Papel de la vasopresina en la fibrogénesis hepática en rata con anastomosis porto-cava crónica

Abstract

RESUMEN Las enfermedades hepáticas se caracterizan por la aparición descontrolada de fibras de colágeno en el parénquima hepático, situación que conduce a insuficiencia hepática y cirrosis. Se ha demostrado que las células inmunes poseen receptores de arginina vasopresina (AVP) y que esta hormona posee efectos inmunestimulantes, y que su deficiencia induce reversión de la fibrosis. En esta tesis, se propone que el bloqueo específico de los receptores de AVP puede mejorar las funciones de los órganos y reducir la fibrosis en un modelo animal de enfermedad hepática crónica (anastomosis portocava). Para investigar esta hipótesis, ratas Wistar macho se dividieron en los siguientes grupos: 1) Control, 2) Anastomosis portocava (APC), 3) lobectomía hipofisiaria neurointermedia (LNI), 4) APC+LNI, 5) APC+conivaptán (APC+CV) (antagonista de los receptores V1a-V2 de AVP). Los grupos 2, 4 y 5 fueron sometidos a APC al inicio del experimento y sacrificados 16 semanas después. El grupo 3 fue sometido a LNI al inicio del experimento y sacrificado a la semana 8. A la semana 8, los grupos APC+LNI y APC+CV iniciaron el respectivo tratamiento. Al sacrificio, se realizaron los siguientes análisis: pruebas de funcionamiento hepático en suero, contenido de glucógeno hepático, histopatología hepática (incluyendo cantidad de colágeno y áreas de fibrosis), determinación de la expresión de alfa-actina de músculo liso (α-SMA) por inmunohistoquímica e inmunofluorescencia y la expresión de marcadores de fibrosis hepática por qPCR. Los resultados mostraron que en los grupos APC+LNI y APC+CV disminuyeron los niveles séricos de AST y bilirrubina, se restablecieron los niveles de albúmina sérica y el contenido de glucógeno hepático, hubo reversión de las alteraciones histológicas con disminución en los tabiques fibrosos y contenido de colágeno. El análisis molecular e inmunohistológico demostró que, en comparación con el grupo APC, los tratamientos disminuyeron la expresión génica de TGF-β y α-SMA. En conclusión, los resultados sugieren que la deficiencia de vasopresina o el bloqueo de los receptores V1a-V2 de AVP por el conivaptán juegan un papel importante en la reversión del daño hepático en la APC. Estos resultados también abren la posibilidad real de que el conivaptán pueda ser utilizado para el tratamiento de pacientes con fibrosis/cirrosis hepática crónica.

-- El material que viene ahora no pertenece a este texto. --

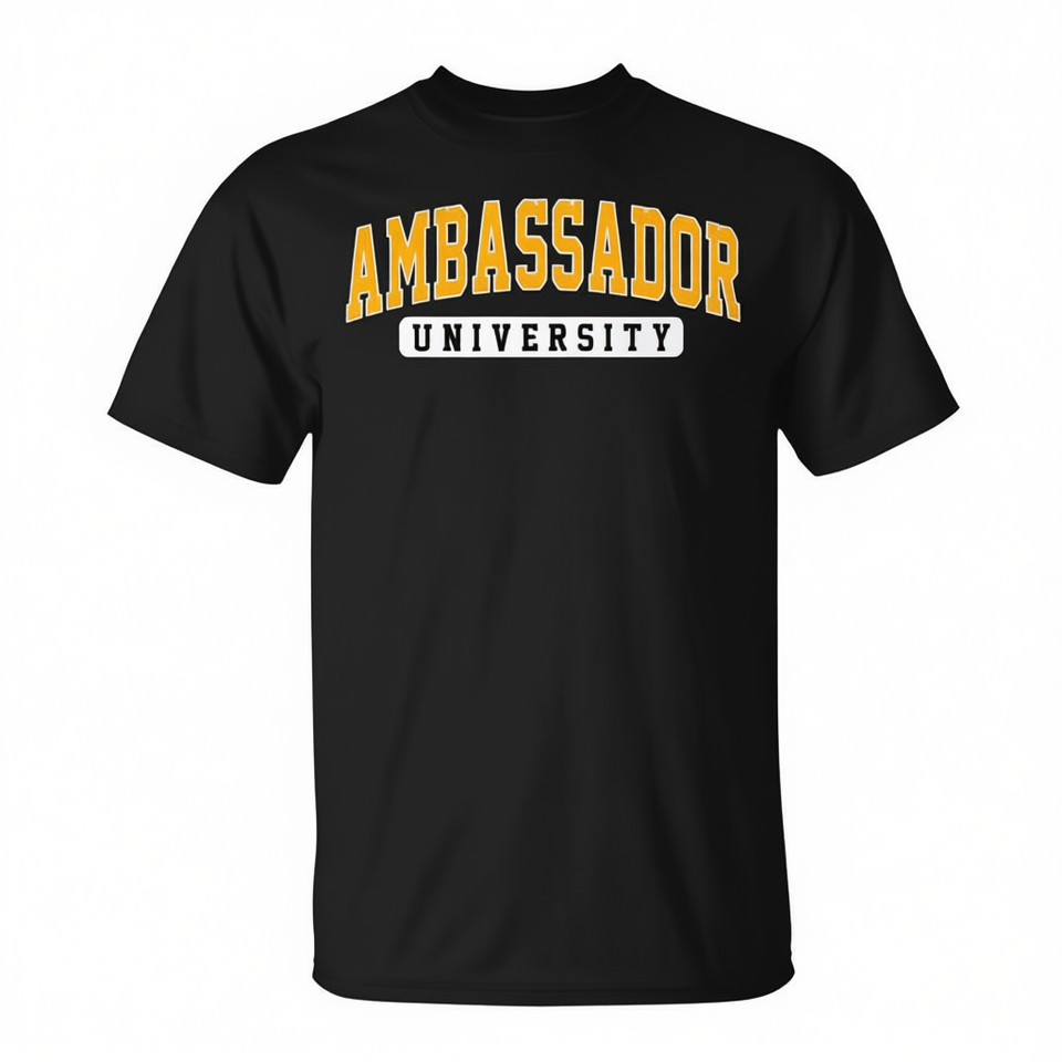T-shirt Ambassador University Arch per uomo e donna in stile vintage

ABSTRACT Liver diseases are characterized by the uncontrolled appearance of collagen fibers in the hepatic parenchyma, a situation that leads to liver failure and cirrhosis. It has been demonstrated that immune cells possess arginine vasopressin (AVP) receptors, and this hormone has immunostimulating effects, with its deficiency inducing fibrosis reversal. In this thesis, it is proposed that specific blockade of AVP receptors can improve liver function and reduce fibrosis in an animal model of chronic liver disease (portocaval anastomosis). To investigate this hypothesis, male Wistar rats were divided into the following groups: 1) Control, 2) Portocaval anastomosis (PCA), 3) neurointermediate lobectomy (NIL), 4) PCA+NIL and 5) PCA+conivaptan (PCA+CV) (V1a-V2 AVP receptor antagonist). Groups 2, 4, and 5 were subjected to PCA at the beginning of the experiment and sacrificed 16 weeks later. Group 3 was subjected to NIL at the beginning of the experiment and sacrificed 8 weeks later. At week 8, the PCA+NIL and PCA+CV groups initiated their respective treatments. At sacrifice, the following analyses were performed: serum liver function tests, hepatic glycogen content, hepatic histopathology including collagen amount and fibrosis areas. Smooth muscle alpha-actin (α-SMA) expression was determined by immunohistochemistry and immunofluorescence, and hepatic fibrosis markers were determined by qPCR. The results showed that serum AST and bilirubin levels decreased in the PCA+NIL and PCA+CV groups, with serum albumin levels and hepatic glycogen content being restored. There was a reversal of histological alterations with decreased fibrous septa and collagen content. Molecular and immunohistological analyses demonstrated that, compared to the PCA group, the treatments decreased TGF-β and α-SMA gene expression. In conclusion, the results suggest that vasopressin deficiency or blockade of V1a-V2 AVP receptors by conivaptan play an important role in reversing hepatic damage in PCA. These results also open the real possibility that conivaptan can be used for the treatment of patients with chronic hepatic fibrosis/cirrhosis.